While it would be easy to blame the Super Guarantee gravy train for a lack of focus on these funds’ operations, it seems the bigger issue comes down to a disconnect with members and clients. The evidence has and will continue to show that more and more members leave these major funds as they near retirement, and few can explain why.
In my opinion, it comes down to communication. For most people’s lives, their superannuation is viewed as someone else’s money, or something they can’t touch, and hence feel comfortable outsourcing this to a large institution without question.
But when they reach retirement, people inevitably want to know where their money is going, and how it is invested. Most importantly, they want to know how long it will last and how they will be able to deal with the uncertainties that come when there is no regular pay cheque.
Despite many funds having more than 1,000 employees, this pales in comparison to the millions of members they seek to support. How can any business offer emotional support to tens of thousands of retired clients who are concerned about what will happen to their bank or super account when they die? Most financial advice firms won’t exceed a client to adviser ratio of 150 to 1 for just this reason.
It seems one of the key reasons that super funds can be called out on the most basic levels of their service comes down to a disconnect with their members. And the challenge in servicing so many members in retirement is that this would require significantly more staff, which, in turn, would increase the cost for these funds.
Expanding on this disconnect, and what stands out during client conversations, is a lack of clarity on their approach to investing, and how this is communicated to members.

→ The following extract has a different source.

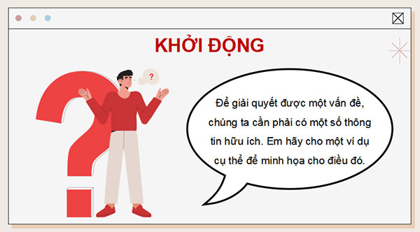 Để giải quyết được một vấn đề, chúng ta cần phải có một số thông tin hữu ích. Em hãy cho một ví dụ cụ thể để minh họa cho điều đó.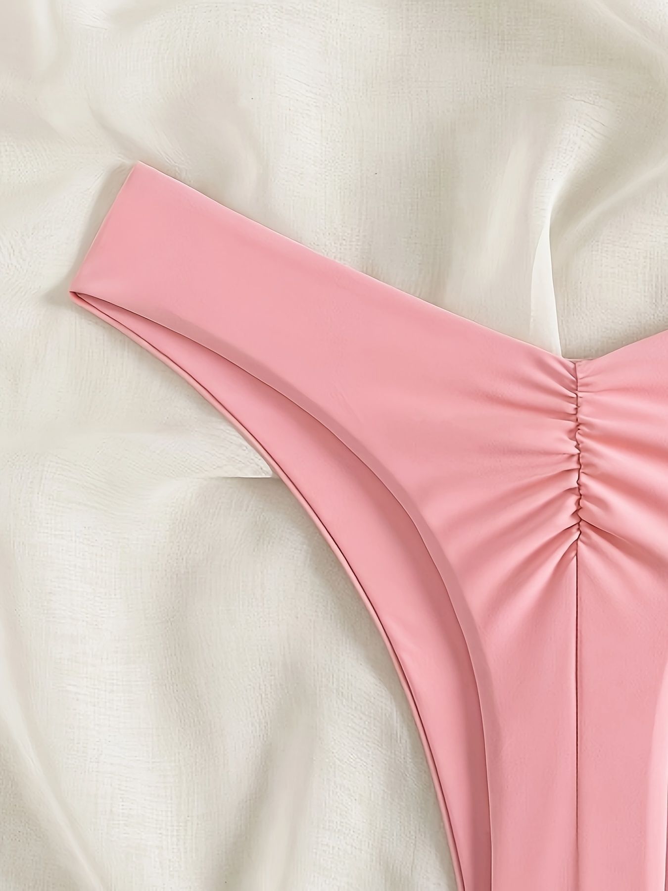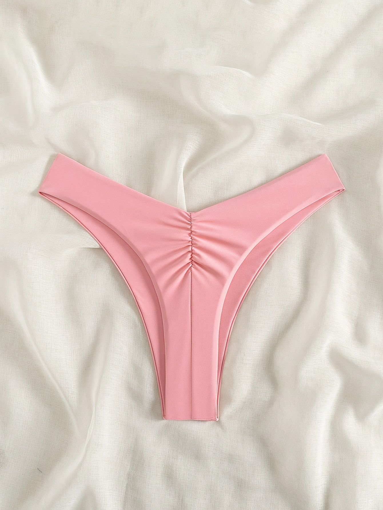 유럽과 미국의 해외 전자상거래 신상 여성 수영복 섹시한 주름 디자인의 끈 팬티 핑크색 소녀용 보수적인 안전 팬츠 수영복스토어 가기

With members seeking more information when they head towards retirement, a blanket, over-simplified investment policy just doesn’t cut it.
Sit with any experienced financial adviser and they will be able to answer the question, “how will you invest my money down to the last dollar”? More importantly, most will be able to provide a coherent framework, such as core satellite, or active management, despite amounts that would be immaterial to a major fund.
Clients want to know what is driving their returns daily, and they want to know if they are invested in the companies making the news and what impact this is having on their portfolios. Similarly, and in an age of improving financial literacy, they want to know what their investment manager is adding above and beyond the average. Unfortunately, much of this information is difficult to extract except for the most experienced investors.
As a financial adviser, our performance is constantly compared with industry funds, while historically few have done the opposite. That situation is coming to an end, with many industry funds likely to come under the same heightened scrutiny that the advice sector faced for many years. For the sake of these funds’ members, let’s hope they respond. Quickly.